She smiled. “I’ve been waiting all that time for someone to come walking through the door and start asking questions about Michael O’Connell. I just never thought it would be someone considering giving him a job. Figured it would be the police.”

“You seem very certain.”

The woman smiled. “I was once his teacher. Eleventh-grade English. And he made a distinct impression. Over the years, there have been a dozen or so whom one never forgets. Half of those for the right reasons, half for the wrong. Will he be working in an office with young women?”

“Yes. Why?”

“He always seemed to make the girls here uncomfortable. And yet, they were drawn to him, as well. I could never quite figure it out. Why would you be attracted to someone you knew would cause you trouble?”

“I don’t know. Maybe I should talk with some of them?”

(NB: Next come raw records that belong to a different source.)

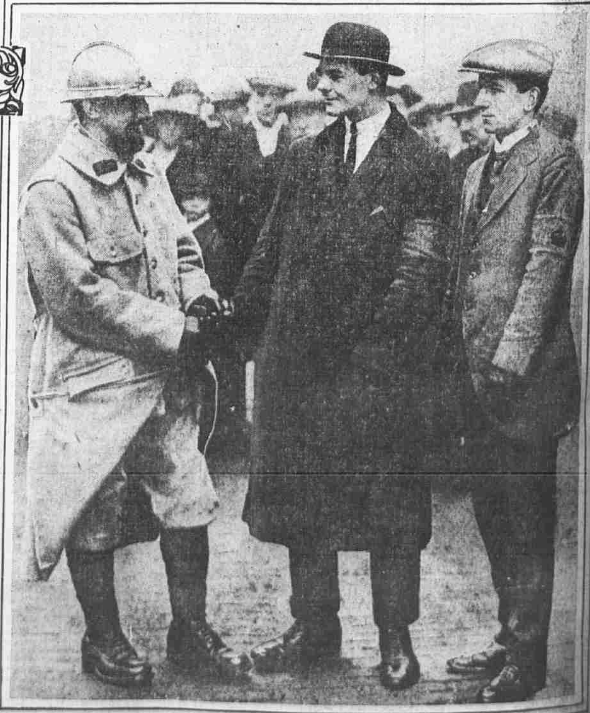
WELCOMING THE NEW RECRUIT IN ENGLAND As soon as a new recruit offers himself he is congratulated by a soldier lent by France, this being one of the many devices with which the British authorities hope to stimulate enlistments.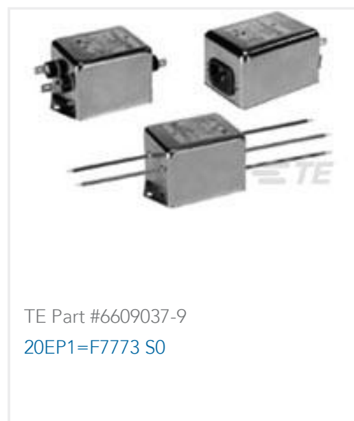
TE Part #6609037-9 20EP1=F7773 S0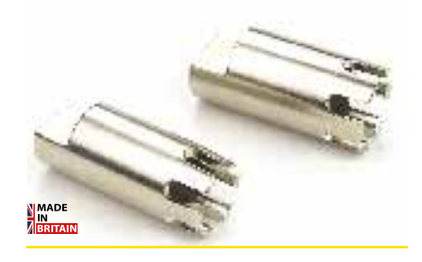
The Monument Grip+ Recessed Nut Tool 18mm castellated tool. (4529I 18mm A/F recessed valve key, 4530L 22mm A/F recessed valve key)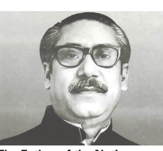
The Father of the Nation Bangabandhu Sheikh Mujibur

proclaimed our country's independence on March 26, 1971, after inspiring the whole nation with Bengalee nationalism and preparing them for independence. Under his charismatic leadership, we achieved our much-awaited independence through a nine-month-long armed struggle. Today, I offer my deep tributes to the martyrs and valiant sons of the soil, who made the supreme sacrifice in the War of Liberation. I also recall with deep reverence our four national leaders, valiant freedom fighters, organizers, supporters and people from all walks of life for their unmatched valor, immense contributions and courageous acts that accelerated the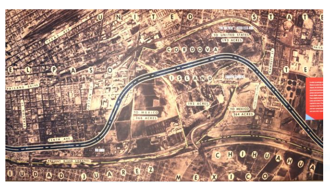
The swapped areas.

We also visited the Tigua Pueblo in Ysleta. At the Cultural Center, we enjoyed an exhibition of Tigua dance. The museum displays artifacts and pottery with photographs and videos representing 300 years of Tigua history since their move here from Albuquerque during the Pueblo Revolt of 1680.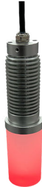
{Acrylic Cylinder Lit Red}

Another accessory available for the Spatial Mini is the Spatial Mini Cylinder. It's an 8cm frosted acrylic cylinder that screws onto the end of the Spatial Mini.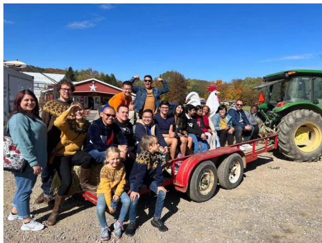
Visit to Yarnick's Farm to pick out our pumpkins

My first experience of plucking a pumpkin from a patch was at the 100-acre home of my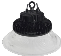
22" PC Cover (60°, 120°)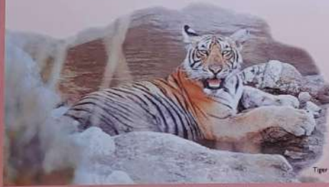
Tiger at Sariska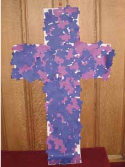
The Children's Easter Cross

We hope you liked the picture of the Revelation window in the April Leaflet, and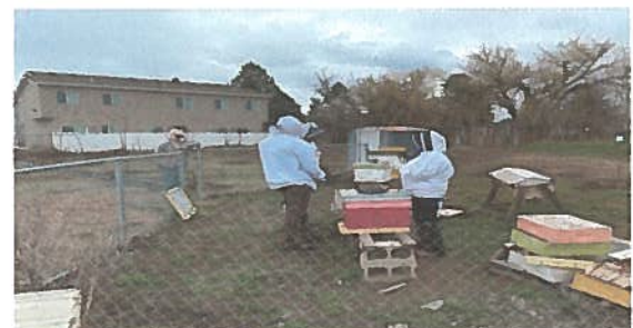
Checking the bee hives for the Queen, and how many survived the winter

“Sure. But after all this time, who knows where they might be? Anyway, I doubt you can find too many people willing to talk about Michael. As I said, he made an impression.”

“His family?”

“That’s his home address. Like I said, I don’t know if his father still lives there. You can check.”

“Mother?”

“She was out of the picture years ago. I never got the full story, but…”

“But what?”

The woman stiffened abruptly. “I understand she died when he was little. Ten maybe? Maybe thirteen? I don’t think I should say anything else. I’ve already said too much. You don’t need my name, do you?”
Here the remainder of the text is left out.